Thursday, July 2, 2015

New Dreams


I have been drawn to the story of Lazarus lately.  (John 11:1-44)
Even though I haven’t recently experienced an actual death, there have been a series of “deaths” along this journey that we have been on with our Michael.

It started over 20 years ago when we had to die to the dream of a healthy baby and immediately thrown into the world of genetics, hospital stays and surgeries. We had no idea what life would look like for him or for our family, but we knew it would never be the same. We discovered we had deep unspoken dreams that we didn't even know were there. 
Dying to dreams would become a way of life, but with every dream that died there seemed to be a new dream that took its place:

 -Your son will most likely never speak….so we’ll find an alternative form of communication that he will be able to master and let us know what he wants and what is on his heart.

 -Your son will never reach a level of independence to the point that he could live on his own….so he’ll be eccentric Uncle Michael who is different from everyone else we know, but is a lot of fun!
 
-Not many people will "get" your son as his behaviors and appearance become progressively "not normal"....so my family will learn to laugh and take things in stride!

 -The country you are living in does not have what your son needs….so we’ll leave a ministry and people we dearly love and take him home and find what he needs there.

 -Even though your son has multiple issues, he will most likely outlive you and will need longer care than you will probably be able to provide.…so he’ll eventually live with siblings and their families and be just as loved as he is in our home.

 -Your son’s health is getting fragile and we cannot tell you what his future condition will be.…but he has a huge family who loves and adores him unconditionally and will find answers and care for him no matter what.

 -Your son is developing aggressive behaviors that require more than just behavioral plans to solve….so we’ll find a great psychiatrist who will help find answers to give him peace.

 -Your son’s issues are bigger than the behavioral plans and medications we are able to provide….so we’ll find the best hospital in the country and get him the help he needs.

 -Your son’s issues are more complicated than we thought and 4 months won’t be long enough for us to get a plan in place.…so we’ll fight insurance as long as we have to and travel across the country to visit him for as long as it takes.

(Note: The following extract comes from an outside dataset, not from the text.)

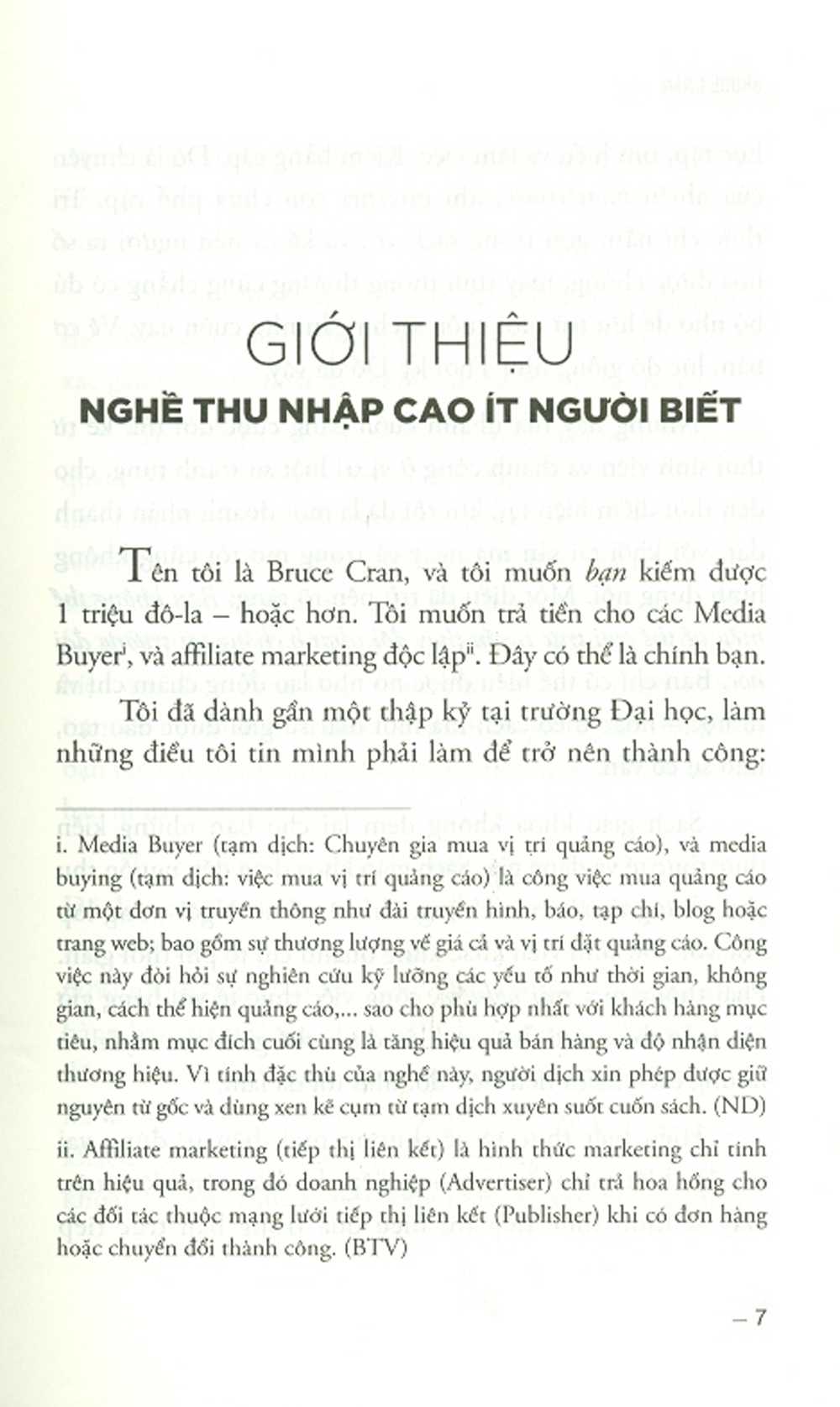 Bruce Cran mài giũa kỹ năng kinh doanh của ông nhờ sự chăm chỉ làm việc và kinh nghiệm. Là một cựu luật sư tranh tụng và chuyên gia tiếp thị trực tiếp hiện tại, Cran Đổng Sáng Lập DFO Global, là một trong những Công Ty Marketing theo hiệu suất hàng đầu thế giới. Giờ đây, ông sẵn sàng chia sẻ những kiến thức đã mang đến thành công cho công ty của mình. Bất kỳ ai hứng thú với việc theo đuổi sự nghiệp trong ngành tiếp thị số hoặc thương mại địện tử sẽ tìm thấy một gia tài kiến thức và các hướng dân trong những trang sách của Kiếm Hơn Triệu Đô Kiếm Hơn Triệu Đô sẽ chỉ cho bạn những điều cần và phải làm để trở thành một Media Buyer thông qua những chia sẻ, kinh nghiệm, các câu chuyện và những bí kíp của chuyên gia về thương mại điện từ kiêm CEO Bruce Cran. Bạn sẽ học thêm được vẽ nghệ thuật marketing, Affiliate marketing, quảng cáo, và cách thiết kế phễu bán hàng để thúc đẩy doanh số. Nếu bạn muốn kiếm được hàng triệu đô, hiểu biết về Kinh doanh & Kinh tế - Thương mại Điện Tử / Tiếp thị số, hãy bắt đầu hành trình của mình cùng Kiếm Hơn Triều Đô!

 -Your son’s aggression is bigger than what you are going to be able to manage at home, even if you hire a full-time staff. He needs more than you can do for him ….so…….soooooo…...so we will find the closest place possible that can care for him and try our best to trust others to do what we long to do ourselves.

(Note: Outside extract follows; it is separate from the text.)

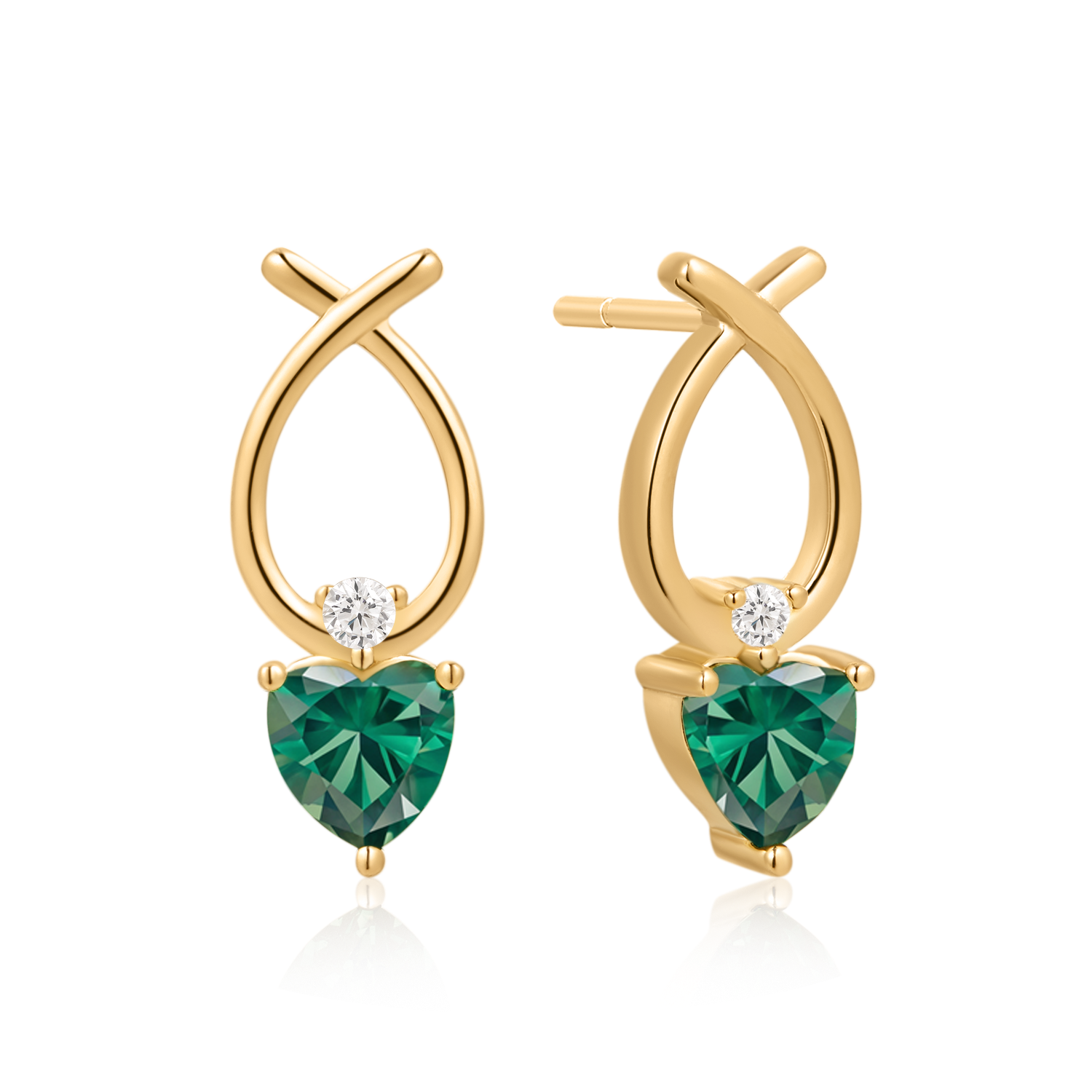 Disse elegante sølvforgyldte ørestikker har et stilfuldt design med en flettet oval form, der udstråler tidløs skønhed. I midten funkler en syntetisk smaragd, som fremhæves af en klar syntetisk cubic zirconia, der tilføjer ekstra glans. Den varme forgyldte overflade giver et luksuriøst præg, og kombinationen af grønne og klare sten skaber et harmonisk og eksklusivt udtryk.

 -Your son will need to learn to cope without you, with a certain level of physical pain, to a large degree locked inside his own little world, and for some unknown reason will continue to express himself through aggression with people who know how to manage that and care for him. He will be “ok”, but you don’t get to define or demand what “ok” looks like in his life……..so…….so I can’t seem to find a dream to replace that!

 As I reflect on the story of sisters who lost a brother they dearly loved, I understand their disappointment that Jesus didn’t do what they asked him to do and knew he could have done.

 “But we sent for you in plenty of time!"

"But we know how much you love our brother, and you’ve allowed this to happen! "

"But resurrection and heaven don’t give me a lot of comfort in my grief today!”

 “But I still believe you are who you say you are even though my heart is broken.”

(my paraphrase from John 11)

 It’s interesting to me that, even though Jesus knows that he is going to raise Lazarus from the dead, he doesn’t try to console them with what is about to happen. Instead he is “deeply moved” and weeps with them right where they are in that moment.

 For some reason grief after death is important, even if resurrection is coming.

 Today as Jim and I grieve the loss of deep hopes and dreams, as we miss our son desperately, as we try to trust him to others and not become consumed with worry, we feel Jesus weeping with us. But there is a quiet whisper in my heart that says…..

“But you don’t know what resurrection is going to look like. Go ahead and grieve, it is an important part of the process, but don’t forget that I am who I said I am, and you cannot see what’s coming.”

 I don’t get to define what “ok” looks like for my son, and I don’t get to determine what resurrection looks like in our lives or in his. But I know we have a Savior who does not stay on a cross or leave people grieving at the foot of it.

 I will let him give the new dream when the time is right and trust that he has placed dreams in the heart of my silent son as well.

 And we will hope in the life to come!